Given these premises, let’s see how the hRequests package performs against the most famous anti-bot solutions. The full code can be found on the GitHub repository reserved for paying users.

The Lab GitHub Repository

Akamai ✅

We’ve already seen this case in one post dedicated to Akamai and hRequests, but let’s recap what we’ve done.

We are testing against the website luisaviaroma.com, which has Akamai + reCAPTCHA.

[

](https://substackcdn.com/image/fetch/f_auto,q_auto:good,fl_progressive:steep/https%3A%2F%2Fsubstack-post-media.s3.amazonaws.com%2Fpublic%2Fimages%2Fb993f382-50c6-4f2e-971e-f470d7b3c056_213x159.png)

Our plan to bypass this combo is:

Load the homepage to grab the initial Akamai cookie and use a chromium headful window to bypass the reCAPTCHA.

session=hrequests.BrowserSession(headless=False)  
url='https://www.luisaviaroma.com/'
akamai_test=session.get(url)
page = akamai_test.render(mock_human=True)

Once the cookies are stored in the session, we can use them to browse the product’s pages headlessly.

while current_page&lt;total_pages:
try:
    url='https://www.luisaviaroma.com/'+language+'-'+country+'/shop/'+category+'&amp;Page='+str(current_page)+'&amp;ajax=true'
    akamai_test=session.get(url)
    print(akamai_test.text)
    json_data=json.loads(akamai_test.text)
    print(json_data)
    products = json_data["Items"]

Easy and effective.

Cloudflare ✅

Let’s check if we can use the same approach with Cloudflare, testing the website harrods.com.

Unluckily, it doesn’t work as before, we hit the wall while loading the home page.

Playing around with the browsers supported by the package and the operating system to mock, I’ve modified the starting loop as follows:

session=hrequests.firefox.Session(os='mac')  
url='https://www.harrods.com/'
cloudflare_test=session.get(url)
page = cloudflare_test.render(mock_human=True, headless=False)
#print(page.content)
url='https://www.harrods.com/en-it/shopping/women-clothing?icid=megamenu_shop_women_clothing_all-clothing&amp;pageindex=1'
check=0
while check == 0:
page.goto(url)
interval=randrange(20,30)
time.sleep(interval)

In this way, we’re opening a Firefox browser window and load a product category in it.
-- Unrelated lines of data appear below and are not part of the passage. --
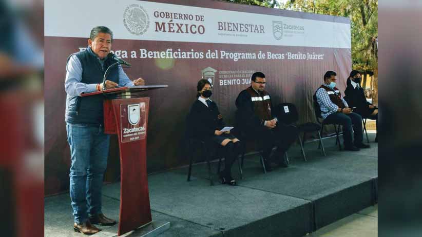 Este sábado, en Pánfilo Natera, el mandatario, junto al Secretario de Desarrollo Social, Carlos Zúñiga Rivera, y el Coordinador Regional de la Dirección de Desarrollo Regional y Vinculación Social, Oscar Omar González, entregó 536 Becas para el Bienestar Benito Juárez, a alumnas y alumnos de educación media superior, a fin de reforzar la economía de sus familias.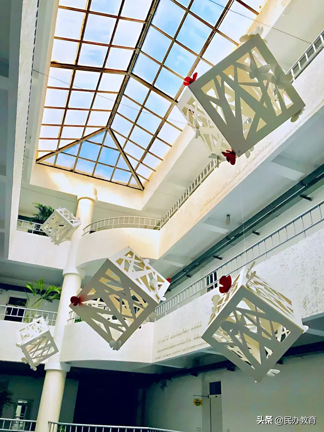 海宝校区有一个被教学楼围起来的半露天空间,走进去就像置身一幅画卷中,四周的墙被设计成粗糙的颗粒感,屋顶悬挂垂下的镂空正方体嵌着很多纸蝴蝶,像是要飞出来,它有一个雅致的名字:蝶变。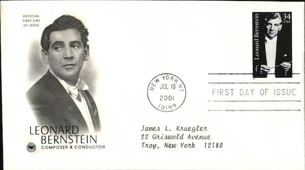 OFFICIAL FIRST DAY OF ISSUE LEONARD BERNSTEIN COMPOSER & CONDUCTOR YORK JUL 10 Z 2001 10199 Leonard Bernstein James L. Kruegler 22 Griswold Avenue Troy, New York 12180 34 FIRST DAY OF ISSUE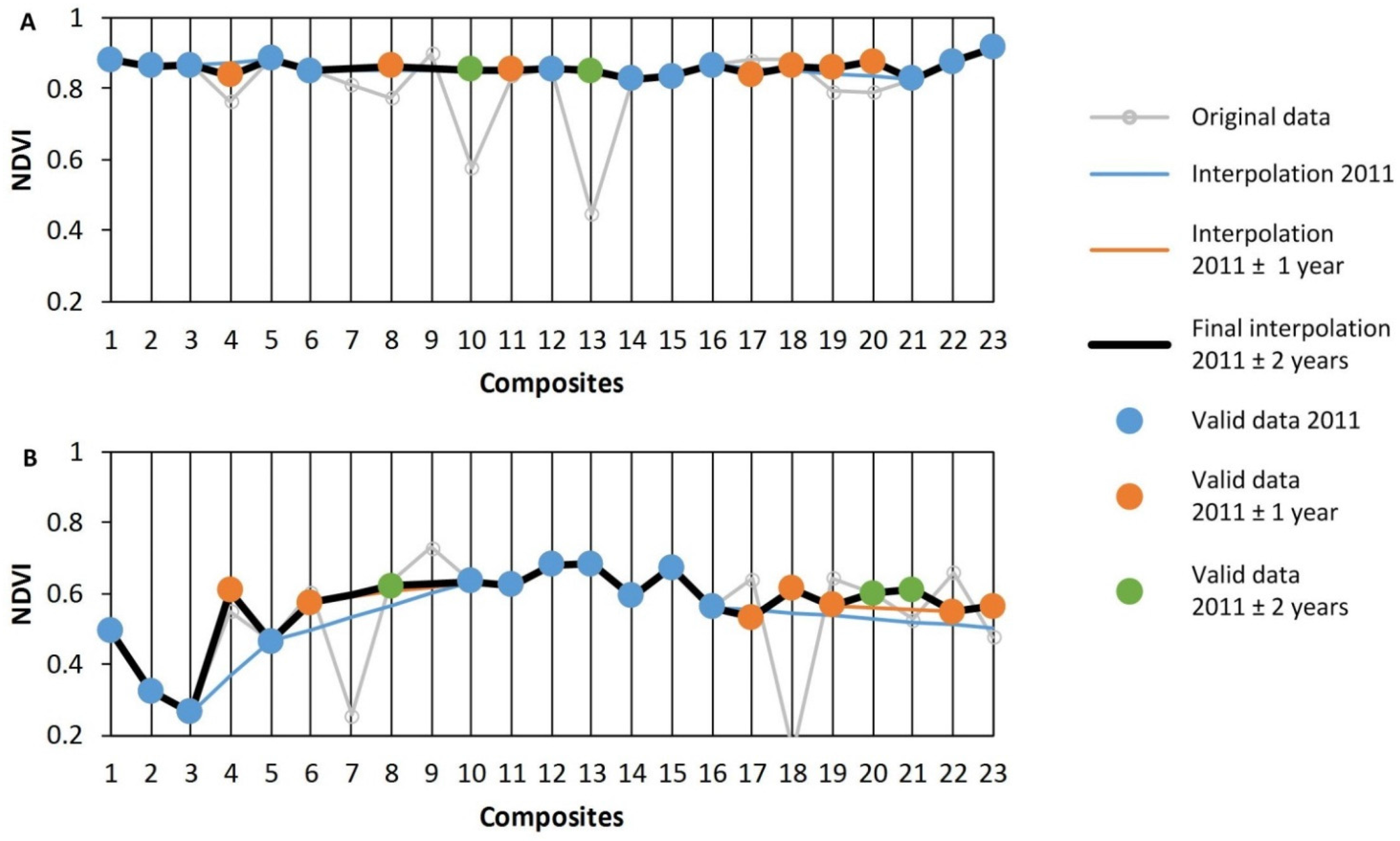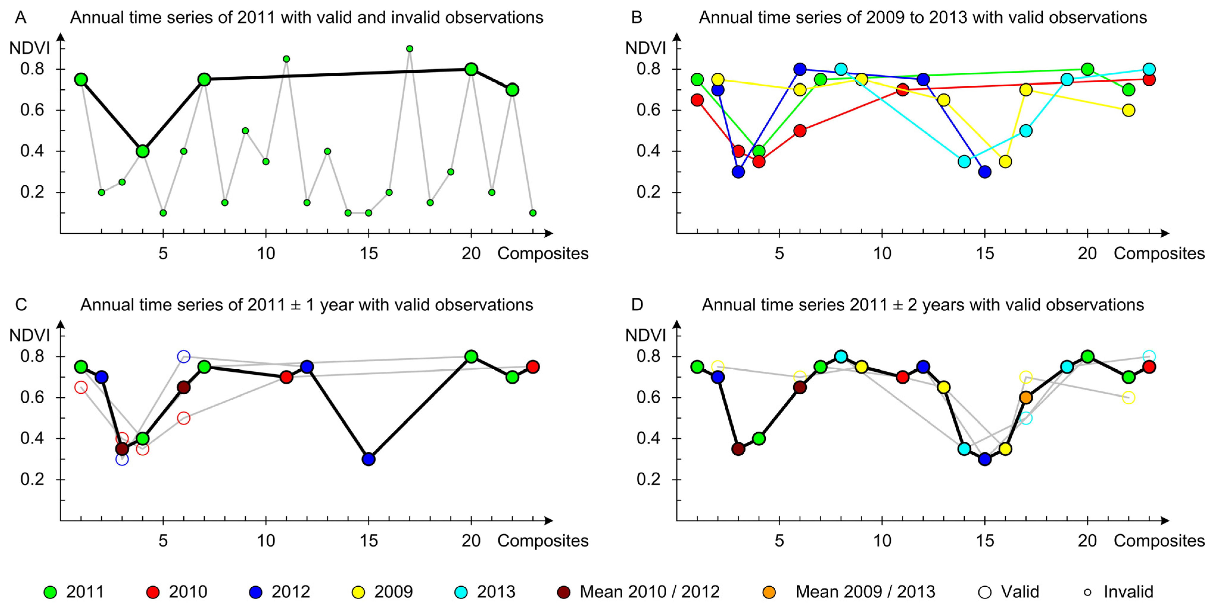 Figure 1 illustrates the time series generation approach by integrating multi-year data to generate an annual time series as proposed in this study. It employs hypothetical NDVI data to describe a bi-modal curve, e.g., typical for bi-seasonal dryland agriculture in inner-tropical regions. Figure 1A shows an annual time series for 2011 (Yn), where the grey line, joining small and large circles, indicates the annual time series without data quality analysis and the black line, connecting only large circles of valid observations, the linear temporal interpolation of all valid observations. The latter resembles the common time series generation approach by inferring invalid observations from previous and posterior valid samples as implemented in most time series generation packages. Note that the longest data gap is 13 composites (the compositing length is 16 days) which corresponds to more than half-a-year. Figure 1B shows five annual time series (different colors) with circles indicating the valid observations and lines for the linear temporal interpolation. Neither time series resembles the expected bimodal temporal profile.

It seems we’re bypassing both the Cloudflare Turnstile check and the hard block by Cloudflare we usually get on this website.

I only needed to add a random sleep interval between pages since the browser has some difficulty in rendering the pages and sometimes it could happen that we’re starting to parse the HTML before it has fully rendered.

Datadome ❌

For this test, we’ll use the usual footlocker.it website, protected by both Datadome and reCAPTCHA.

[

](https://substackcdn.com/image/fetch/f_auto,q_auto:good,fl_progressive:steep/https%3A%2F%2Fsubstack-post-media.s3.amazonaws.com%2Fpublic%2Fimages%2F87a9c801-0c30-4089-95c8-a16b33202208_198x128.png)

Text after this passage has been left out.